News Release

Scientists sequence genome of little skate, the stingray’s cousin

An international collaboration involving Rutgers researchers unravels the mystery of the fish’s unique shape

Peer-Reviewed Publication

Rutgers University

Little skate

image: An adult little skate skeleton view more 

Credit: Tetsuya Nakamura/Rutgers University

Rutgers geneticists, working with an international team of scientists, have conducted the most comprehensive sequencing yet of the complete DNA sequence of the little skate which, like its better-known cousin, the stingray, has long been viewed as enigmatic because of its shape.

The scientists, writing in Nature, reported that by studying the intricacies of Leucoraja erinacea’s genome, they have gained a far better understanding of how the fish evolved from its ancestor – which possessed a much narrower body – over a period of 300 million years to become a flat, winged bottom-dweller.

“We know that animals with a backbone and a skeleton – known as vertebrates – including fish, possess myriad body shapes, but we understand little about the underlying processes controlled by genes,” said Tetsuya Nakamura, an assistant professor in the Department of Genetics in the Rutgers School of Arts and Sciences (SAS) and an author on the study. “In this research, we have identified the genetic mechanisms that create the unique characteristics of the skate body.”

Little skates are an Atlantic Ocean species of skate that are about 16 to 20 inches long. Their flat bodies feature enlarged, wing-like pectoral fins that allow the fish to thrive in sea-floor environments. Their unique shape creates power for rapid forward propulsion. They also use their flat fins to scoop and flip sand over them to hide from predators, covering everything but their eyes.

“We wondered how this unique body evolved during their evolution,” said Nakamura, an expert in evolutionary developmental biology who generally is seeking to understand how humans evolved from fish. “If we came to understand how a skate evolved, perhaps it might give us clues to how other vertebrates developed their shapes.”

In conducting their analysis, the researchers connected the skates’ genotype – their unique sequence of DNA – with their phenotype – their physical properties, from body shape to biochemistry.

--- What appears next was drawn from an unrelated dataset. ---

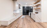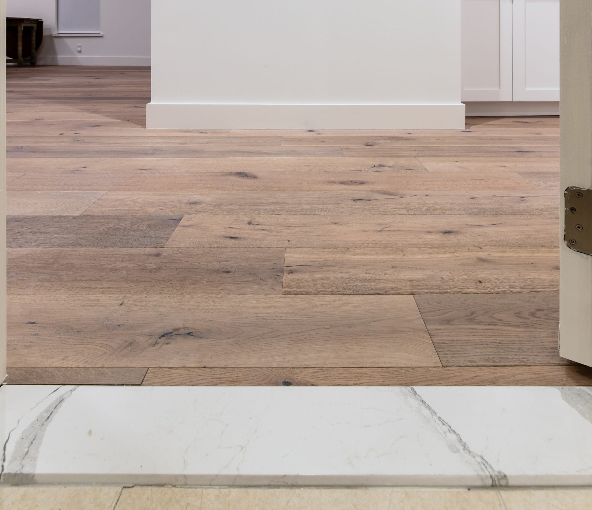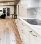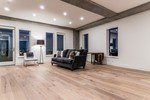 The floors are DuChâteau’s The Riverstone Collectionâ„¢, which is an evolution of hand-sculpted hardwood flooring that blends beautifully with interiors old and new. The natural distressing and raised knots give the floors a raw and organic contour that feels comforting beneath the feet. The DuChâteau®, The Riverstone Collectionâ„¢ effortlessly merges modern and rustic design to create a truly original and inspiring floor.

They also compared the little skate genome with various shark genomes, including that of the bamboo shark, with whom it shares a common ancestor.

The researchers found similarities between the genomes and gene orders of the little skate and the bamboo sharks, which retain ancestral characters of chromosomes, the essential structures compactly packing DNA in the nucleus of every cell.

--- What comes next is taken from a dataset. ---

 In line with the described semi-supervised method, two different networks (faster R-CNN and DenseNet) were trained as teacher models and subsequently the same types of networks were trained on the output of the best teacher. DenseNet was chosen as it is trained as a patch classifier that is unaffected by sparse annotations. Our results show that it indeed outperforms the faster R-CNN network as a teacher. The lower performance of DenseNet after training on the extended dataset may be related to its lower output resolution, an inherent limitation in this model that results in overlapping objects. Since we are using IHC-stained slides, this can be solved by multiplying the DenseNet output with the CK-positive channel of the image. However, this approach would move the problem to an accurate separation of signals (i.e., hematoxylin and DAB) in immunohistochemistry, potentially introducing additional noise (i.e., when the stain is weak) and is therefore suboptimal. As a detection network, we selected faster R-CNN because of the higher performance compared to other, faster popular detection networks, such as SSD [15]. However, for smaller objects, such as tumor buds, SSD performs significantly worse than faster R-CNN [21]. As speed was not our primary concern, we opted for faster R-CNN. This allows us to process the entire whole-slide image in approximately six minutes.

In the region of the little skate genome that controls for fin development, the researchers found extensive rearrangements in the order of genes, akin to a shuffling of cards. This gene shuffling occurred in the region of fin formation genes in skates when compared to sharks.

In the little skate genomes, researchers also found what they described as a “fin-specific enhancer” for what are known as “Hox” genes, which have been identified in other research to be involved in patterning an animal’s body from head to tail. In vertebrates, Hox genes determine the position of segmentation for areas of the body including the head. In the case of the little skate, the researchers found Hox genes were indispensable for the evolution of its wide fins.

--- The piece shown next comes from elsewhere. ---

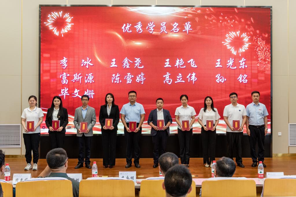 教师发展中心副主任褚丽莉宣读了新教师培训结业人员名单、优秀学员名单及团队荣誉。与会领导为优秀学员、新教师颁发证书、佩戴校徽。全体新教师在马克思主义学院院长张卫平的带领下庄严宣誓。优秀学员代表李冰老师发言,她表示要践行新时代教师使命,以前辈们昂扬的干劲和务实的精神为榜样,尽快成长为一名思想过硬、业务精良的优秀专业教师。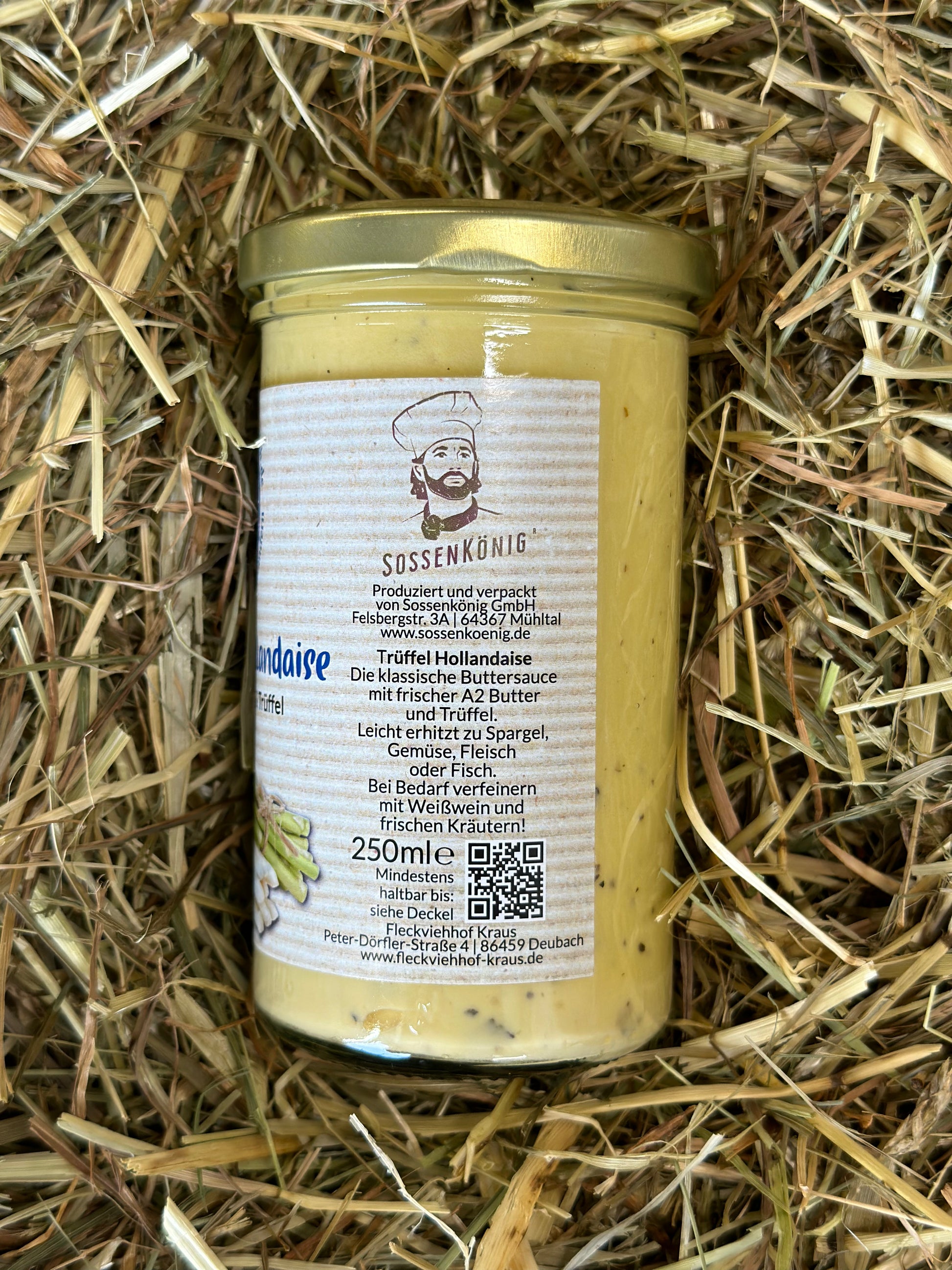 Unsere klassische, gebrauchsfertige Sauce Hollandaise wird mit hochwertiger A2-Butter und feinem Trüffel veredelt und bietet ein vollmundiges, aromatisches Geschmackserlebnis.

This “extensive conservation of chromosomal identity and gene order, despite 300 million years of divergence,” indicates that most cartilaginous fish like skates, rays and sharks likely share this genetic organization, Nakamura said.

“Overall, we found that genetic recombination and genome sequence changes are critical for skate-wide fin evolution,” he said.

Other Rutgers geneticists involved with the study include Dina Navon, a postdoctoral researcher, and Ali Andrescavage, a lab technician.